▶ WORK ITEM: The answer should contain only the lines from the beginning of the entries through the line that holds "Her er gode", given again exactly, with no pictures.
——
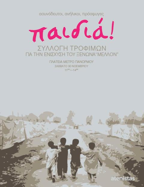 Τρόφιμα για τον ξενώνα φιλοξενίας αιτούντων άσυλο «Μέλλον» συγκεντρώνει αυτό το Σάββατο στην πλατεία του μετρό Πανόρμου, από τις 11:00 έως τις 14:00, η ομάδα plus των Atenistas.
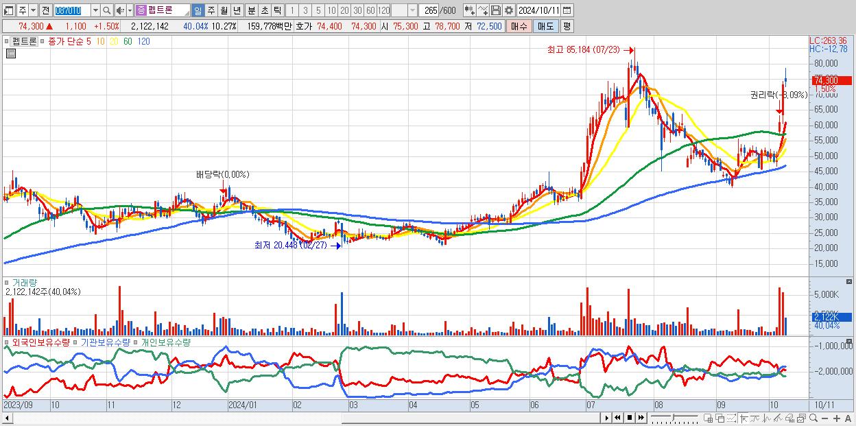 - 펩트론 (74,300원 ▲ 1.5% , 시총: 15,348억, 거래량: 2,122,142, 거래대금:1,598억)
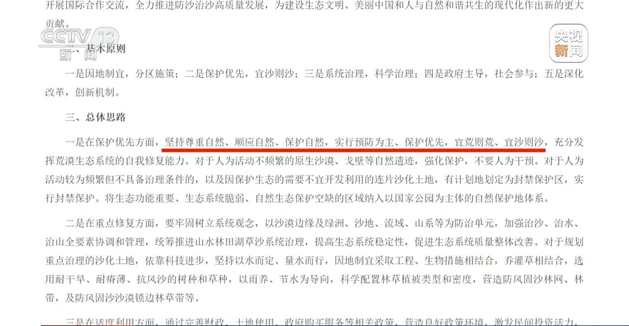 原生沙漠受水资源等因素限制,无法透过人类改造将其消灭,去年底国家林草局印发的《全国防沙治沙规划(2021—2030年)》中,也强调了对于原生沙漠、戈壁等自然遗迹,应坚持宜沙则沙。
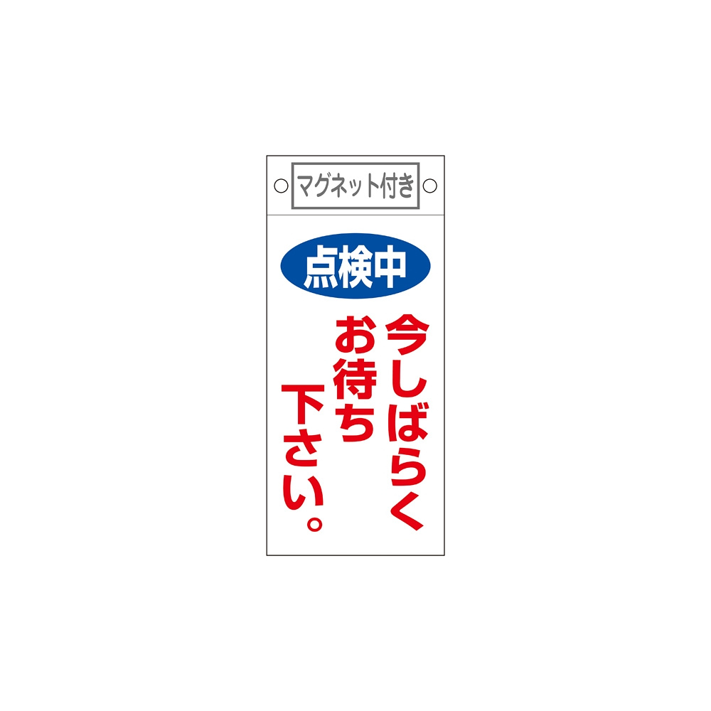 スイッチ関係標識 マグネット付 225×100×0.6mm 表記:点検中 今しばらくお待ち下さい。 (085402)
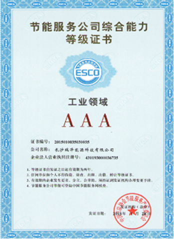 瑞澤能源榮獲節(jié)能服務(wù)公司綜合能力AAA等級(jí)證書
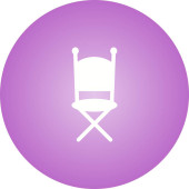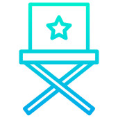 Ikona reżysera filmowego w kolorze naklejki. Przemysł rozrywka Hollywood kino
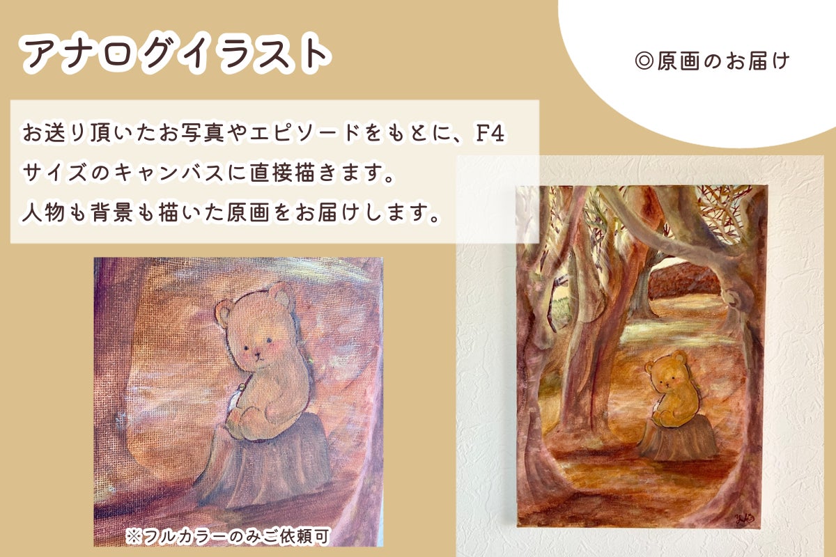 あなたとご家族、お友達やパートナーなど、大切な人との特別な思い出のお写真やエピソードをもとに世界に一つだけの絵を描きます。
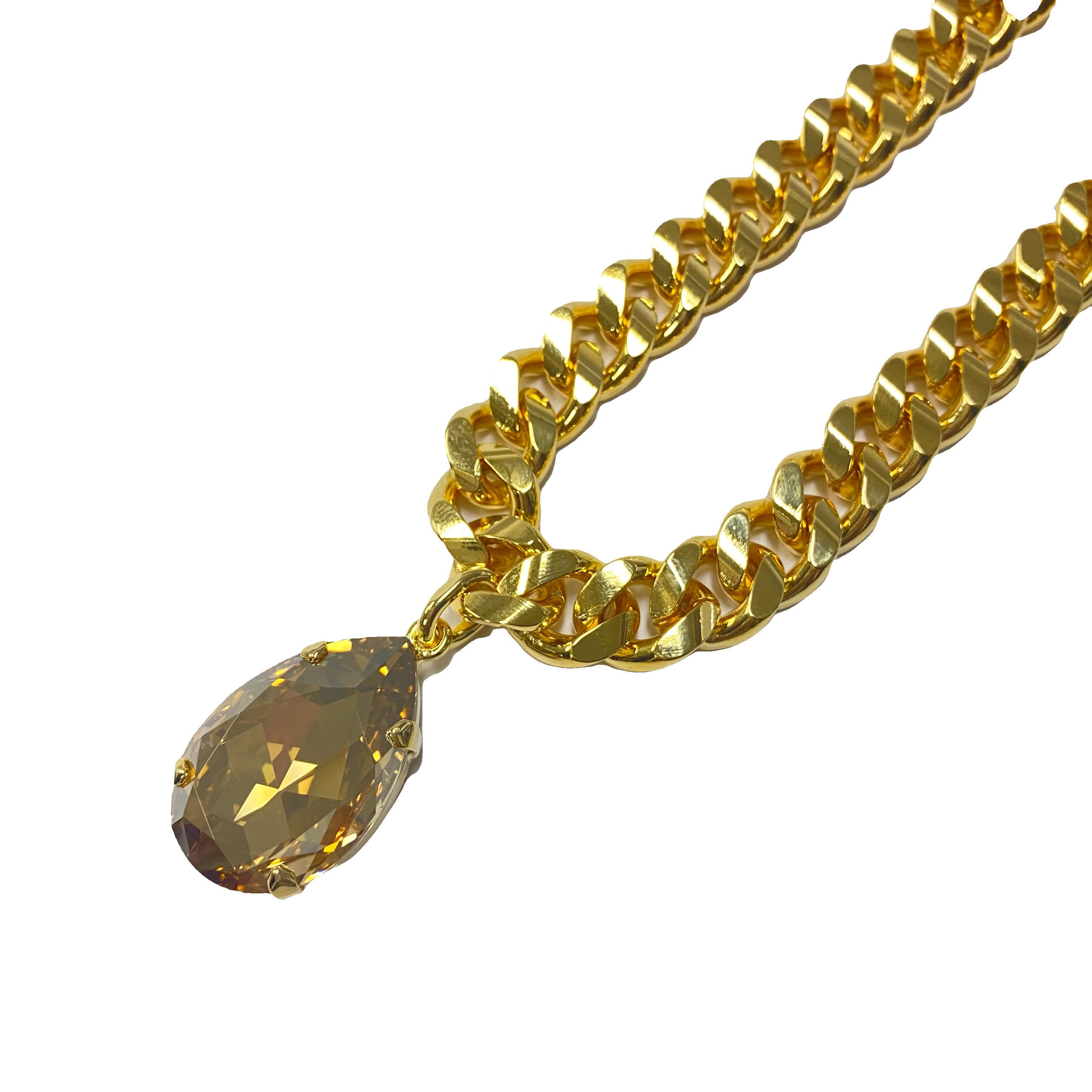 大ぶりのチェーンにドロップ型のクリスタルが下がっているデザイン。
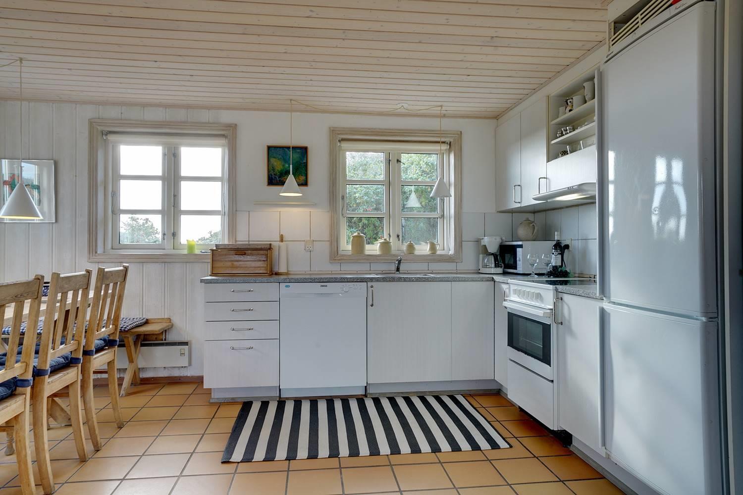 Her er gode muligheder for at nyde en glas vin på en dejlig sommer aften Fra køkken/alrum er der udgang til balkon. Fra både køkken/alrummet og stuen kan den skønne havudsigt nydes.
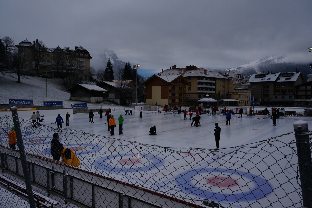 융프라우 올라가는 기차의 티켓이 있으면 모든 구간에 내려서 구경하고 다시 타도 괜찮기에 첫 번째로는 그린델발트에 내려서 잠시 동안 구경을 했다. 모든 구간의 마을이 높이 있기 때문에 어떨지 굉장히 궁금했는데, 내리자마자 너무 상쾌한 공기와 멋진 풍경들이 내 눈앞에 나타났었다. 겨울의 풍경이 었기에 푸릇푸릇한 느낌은 없었지만 겨울의 스위스는 무언가 웅장한 느낌을 주는 듯한 느낌을 받았다. 신기하게도 컬링 경기장이 야외에 설치되어있어서 많이 신기했었다. 보통 우리나라는 덥기때문에 실내에만 있겠지만 야외에 있다 보니 경기도 재밌지만 풍경도 같이 볼 수 있는 장점이 있는 것 같았다. 그리고 많은 사람들이 컬링을 즐기고 있는 것을 보고 너무나 부러웠다. 잠깐 둘러보고 다시 기차를 타고 올라갔다.
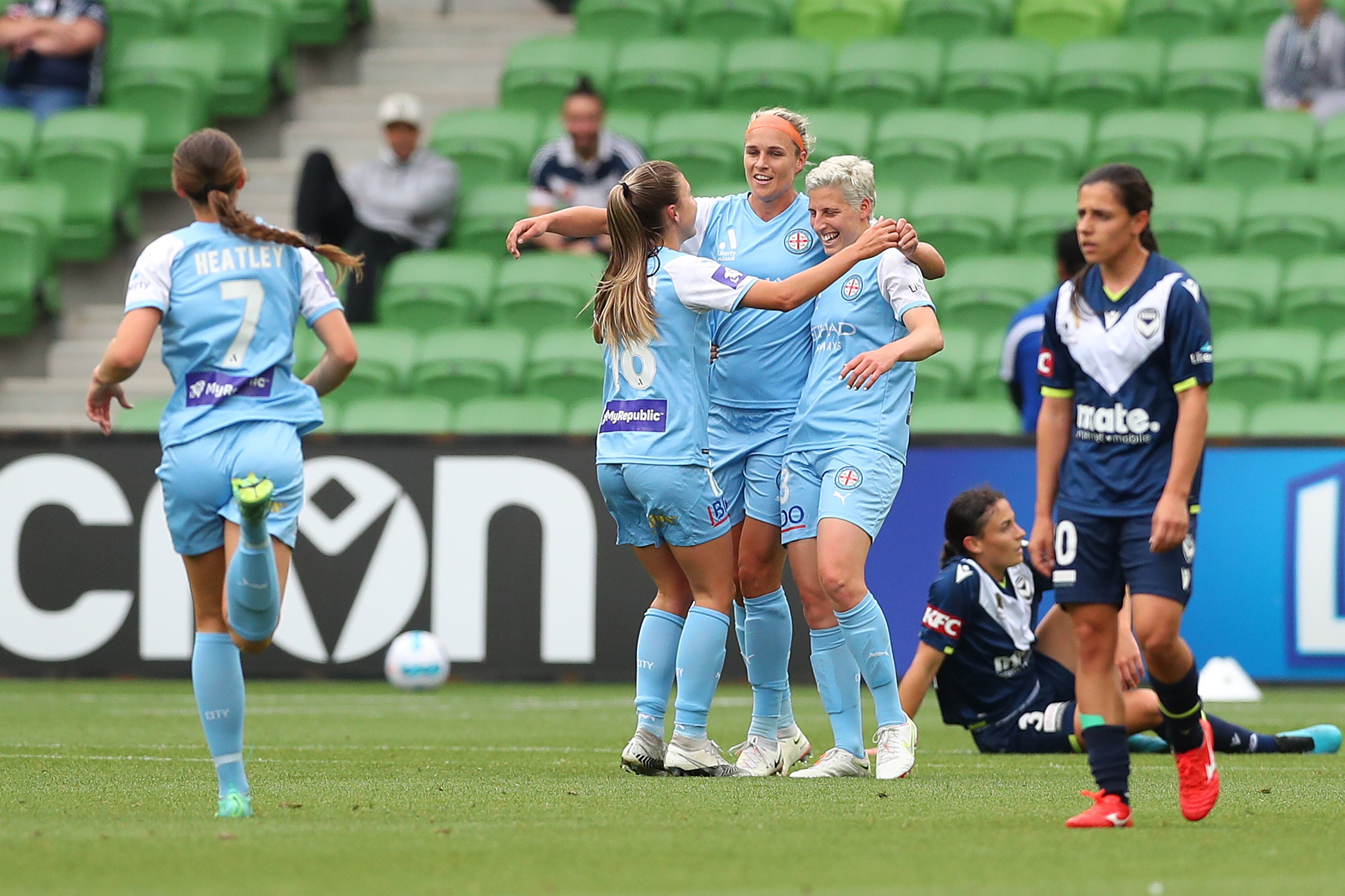 A miscommunication between Dumont and make-shift centre-back Tiffany Eliadis also resulted in a City goal after the two Victory players clattered into each other while trying to negotiate a back-pass, allowing Wilkinson to skip around the infuriated pair and pass calmly into the net for her 25-minute hat-trick.
——
▶ ANSWER BOX:
 Τρόφιμα για τον ξενώνα φιλοξενίας αιτούντων άσυλο «Μέλλον» συγκεντρώνει αυτό το Σάββατο στην πλατεία του μετρό Πανόρμου, από τις 11:00 έως τις 14:00, η ομάδα plus των Atenistas.
 - 펩트론 (74,300원 ▲ 1.5% , 시총: 15,348억, 거래량: 2,122,142, 거래대금:1,598억)
 原生沙漠受水资源等因素限制,无法透过人类改造将其消灭,去年底国家林草局印发的《全国防沙治沙规划(2021—2030年)》中,也强调了对于原生沙漠、戈壁等自然遗迹,应坚持宜沙则沙。
 スイッチ関係標識 マグネット付 225×100×0.6mm 表記:点検中 今しばらくお待ち下さい。 (085402)
 瑞澤能源榮獲節(jié)能服務(wù)公司綜合能力AAA等級(jí)證書
 Ikona reżysera filmowego w kolorze naklejki. Przemysł rozrywka Hollywood kino
 あなたとご家族、お友達やパートナーなど、大切な人との特別な思い出のお写真やエピソードをもとに世界に一つだけの絵を描きます。
 大ぶりのチェーンにドロップ型のクリスタルが下がっているデザイン。
 Her er gode muligheder for at nyde en glas vin på en dejlig sommer aften Fra køkken/alrum er der udgang til balkon. Fra både køkken/alrummet og stuen kan den skønne havudsigt nydes.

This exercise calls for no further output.